— WHAT NEEDS TO BE DONE —
Beginning with the line that has "Famed, Free Your Soul , 2016" and ending with the line that has "Picture #4 Tie", retype the entries below exactly, except for the pictures.

— RECORD EXCERPTS —
+++

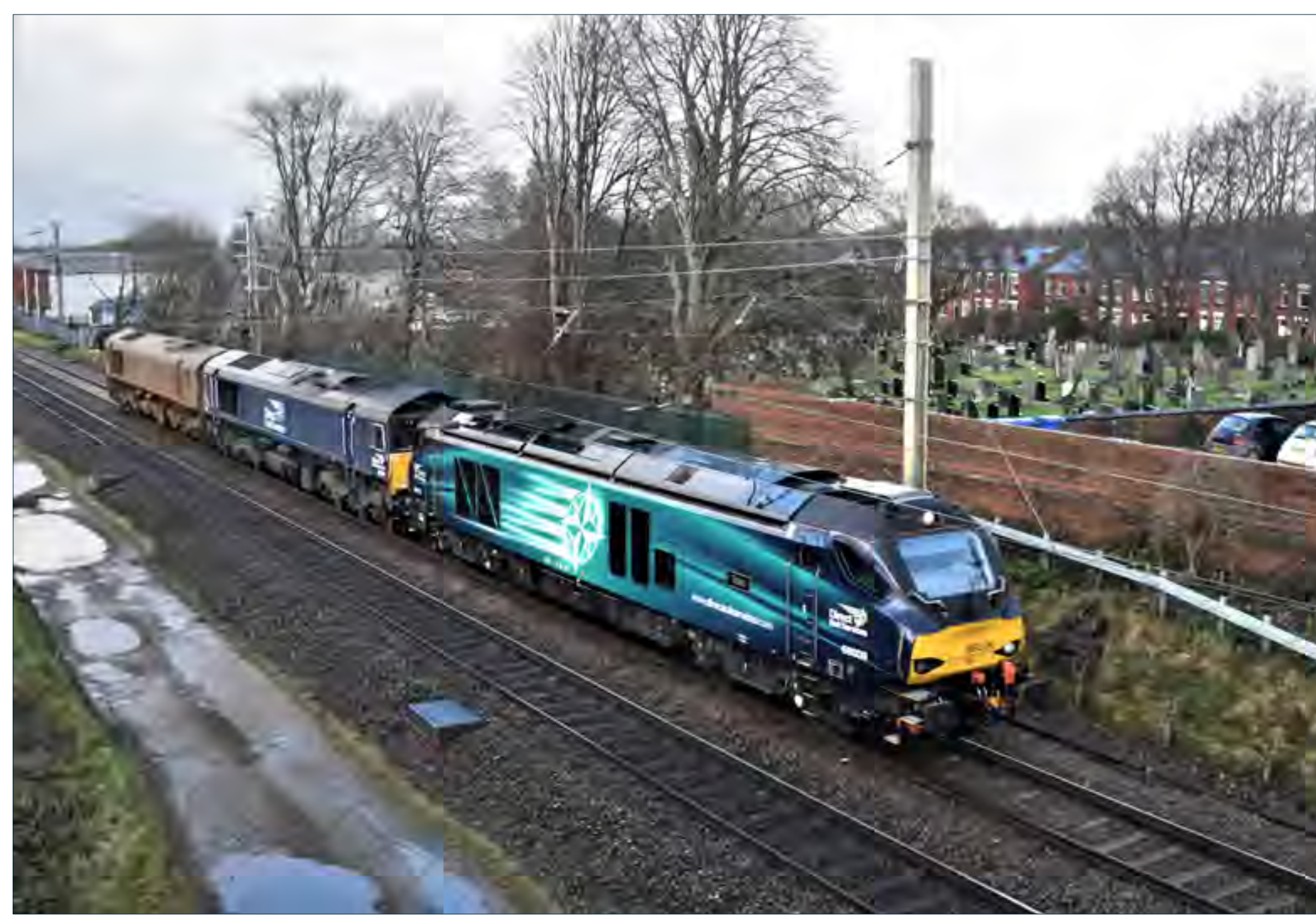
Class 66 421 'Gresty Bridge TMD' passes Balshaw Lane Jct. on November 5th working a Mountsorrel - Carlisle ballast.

+++

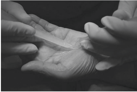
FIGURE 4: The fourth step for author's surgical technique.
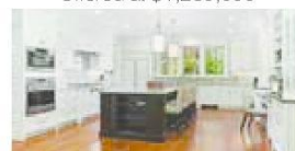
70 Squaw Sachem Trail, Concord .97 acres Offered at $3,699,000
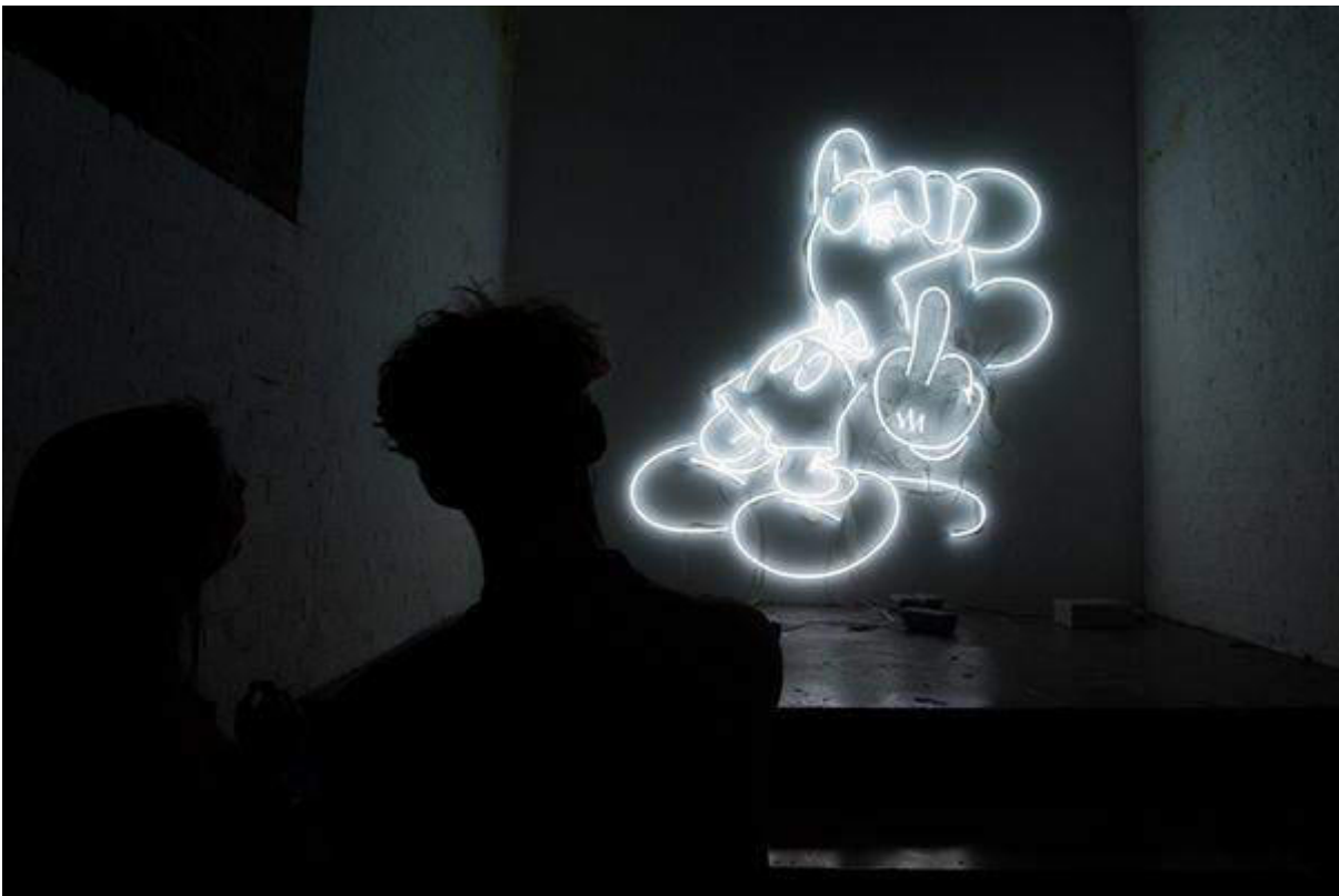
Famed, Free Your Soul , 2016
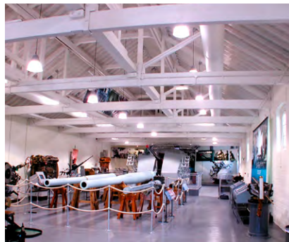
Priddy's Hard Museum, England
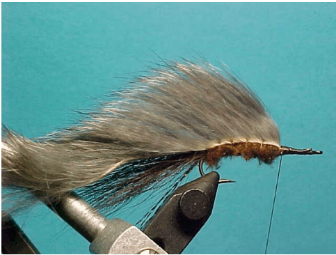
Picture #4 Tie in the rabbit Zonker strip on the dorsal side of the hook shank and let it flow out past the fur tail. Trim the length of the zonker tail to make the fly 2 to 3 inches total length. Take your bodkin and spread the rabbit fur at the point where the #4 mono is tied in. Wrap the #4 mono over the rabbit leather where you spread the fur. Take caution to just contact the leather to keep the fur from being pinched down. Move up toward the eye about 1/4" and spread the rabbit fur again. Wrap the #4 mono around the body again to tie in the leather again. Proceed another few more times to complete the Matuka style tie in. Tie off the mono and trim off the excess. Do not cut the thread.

+++

— TASK ANSWER —
Famed, Free Your Soul , 2016
Priddy's Hard Museum, England
Picture #4 Tie in the rabbit Zonker strip on the dorsal side of the hook shank and let it flow out past the fur tail. Trim the length of the zonker tail to make the fly 2 to 3 inches total length. Take your bodkin and spread the rabbit fur at the point where the #4 mono is tied in. Wrap the #4 mono over the rabbit leather where you spread the fur. Take caution to just contact the leather to keep the fur from being pinched down. Move up toward the eye about 1/4" and spread the rabbit fur again. Wrap the #4 mono around the body again to tie in the leather again. Proceed another few more times to complete the Matuka style tie in. Tie off the mono and trim off the excess. Do not cut the thread.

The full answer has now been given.